Можно, конечно, вернуться в родной двор. Но и там неуютно. И в наш не совсем обыкновенный двор все же как-то пролезла всеобщая тогда и даже обязательная идея врага – и наши не устояли.! Почему-то считается, что смертельные враги – ребята из дома № 8 (среди них и мои одноклассники есть!), но проведенная кем-то неумолимым линия фронта разделила нас. Кто так нами командует? Но об этом вслух не спросить. В нашем тихом дворе (родители – ученые) и горлопана-главаря даже нет. Так кому же мы подчиняемся? Дай волю – и каждый с облегчением ушел бы домой, но воли нет, и, по отдельности добрые, двором мы готовы к пролитию крови. Когда я однажды ушел, сославшись на что-то, наши стаскивали под арку булыжники, оставшиеся после асфальтирования переулка. Груда булыжников грозно росла.

Неужели мы кинем их в одноклассников? Видимо, да. Раз гора уже собрана, не растаскивать же ее? Хотя, наверное, легче растащить, чем кидать камни в головы… но поворачивать назад у нас считается позорным, какие бы ужасы не вставали впереди. Наоборот: чем больше ужасы – тем ты смелей. И никуда не денешься. Можно только вот так – уйти и сворачивать, и сворачивать в темные, все более угрюмые улицы… но не до бесконечности же? Ноги подламываются, и все равно вернешься в собственный двор – как раз к моменту самой бессмыслицы, жестокости и отчаяния. Но, кажется, я заблудился – мимо этих мусорных баков в заплесневелой низкой арке я уже проходил! Мои блуждания во тьме стали удлиняться – оказалось, что свет занимает мало места на земле, а тьма, наоборот, – много!

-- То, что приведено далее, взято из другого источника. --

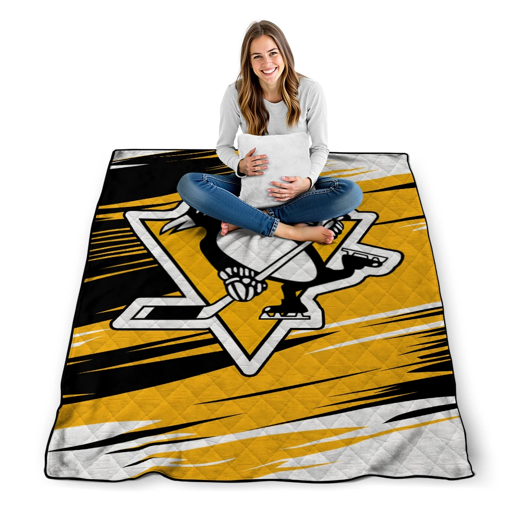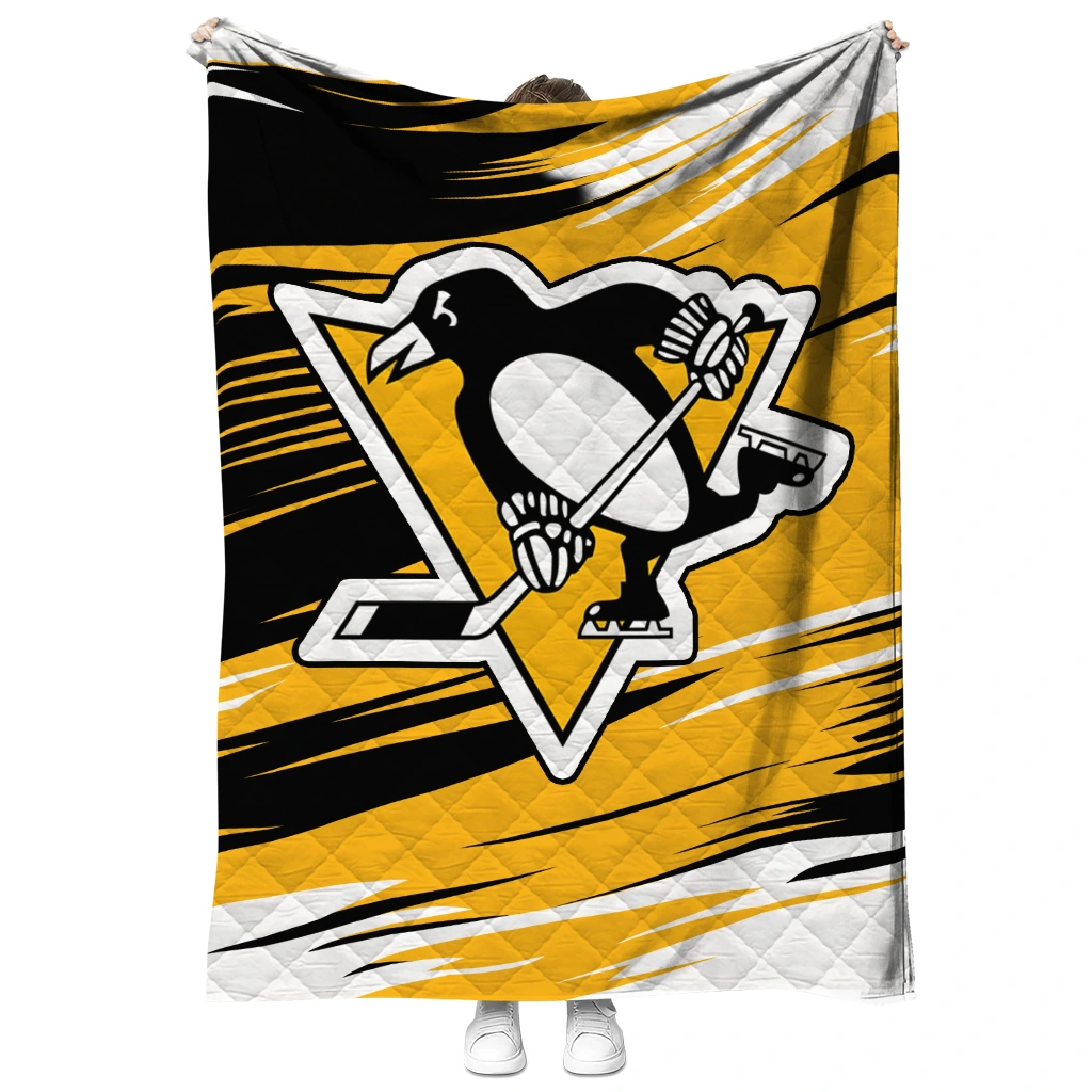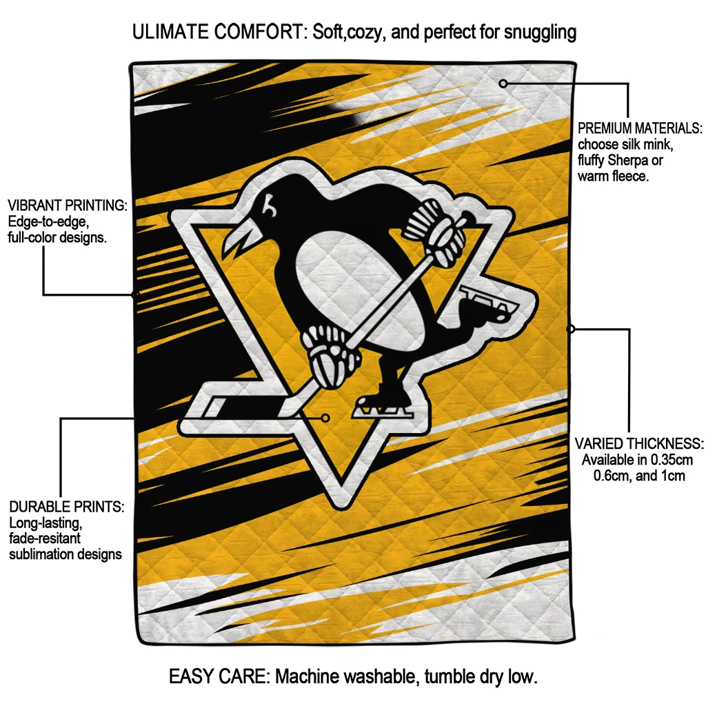 Wrap yourself in warmth and pride with the Pittsburgh Penguins Wild Lines Yellow White Quilt Blanket from the Pittsburgh Penguins Blankets collection at Yes That Blanket. Made from 100% premium quilting-weight polyester blended with a touch of microfiber, this quilt offers a smooth, soft finish you’ll love. Choose between two quilting styles—Stipple or Diagonal—and enjoy the comfort of a cotton-filled layer inside that adds extra coziness for every season. The border is available in classic black or white, giving your design a clean, timeless edge.

От этого вселенского неуюта было раньше спасение – прийти домой, но и дома теперь стало так же сумрачно и неуютно. Помню, как было хорошо! Одно из первых воспоминаний после приезда сюда – год, наверное еще сорок шестой. Я сижу, думаю – и вдруг резкий звонок. Я бегу, открываю дверь. На площадке стоит счастливая, улыбающаяся мама

– руки ее заняты, обвешаны сумками и плетеными сетками-авоськами, из них торчат какие-то вкусно пахнущие кульки, свертки. Еда! Из выцветшего рюкзака, повисшего на богатырском ее плече, торчат бледные куриные ноги.

– А папа где?

Мама, улыбаясь, молчит. Похоже, сюрприз еще не исчерпан. Вытягивая шею, я гляжу вниз по лестнице. Оттуда, с улыбкой блаженства, и одновременно какой-то обычной для него задумчивой отрешенности, медленно поднимается папа. Медленно потому, что заведенными назад руками тащит огромную кровоточащую коровью ногу. Тогда это называлось – "отоварить лимиты".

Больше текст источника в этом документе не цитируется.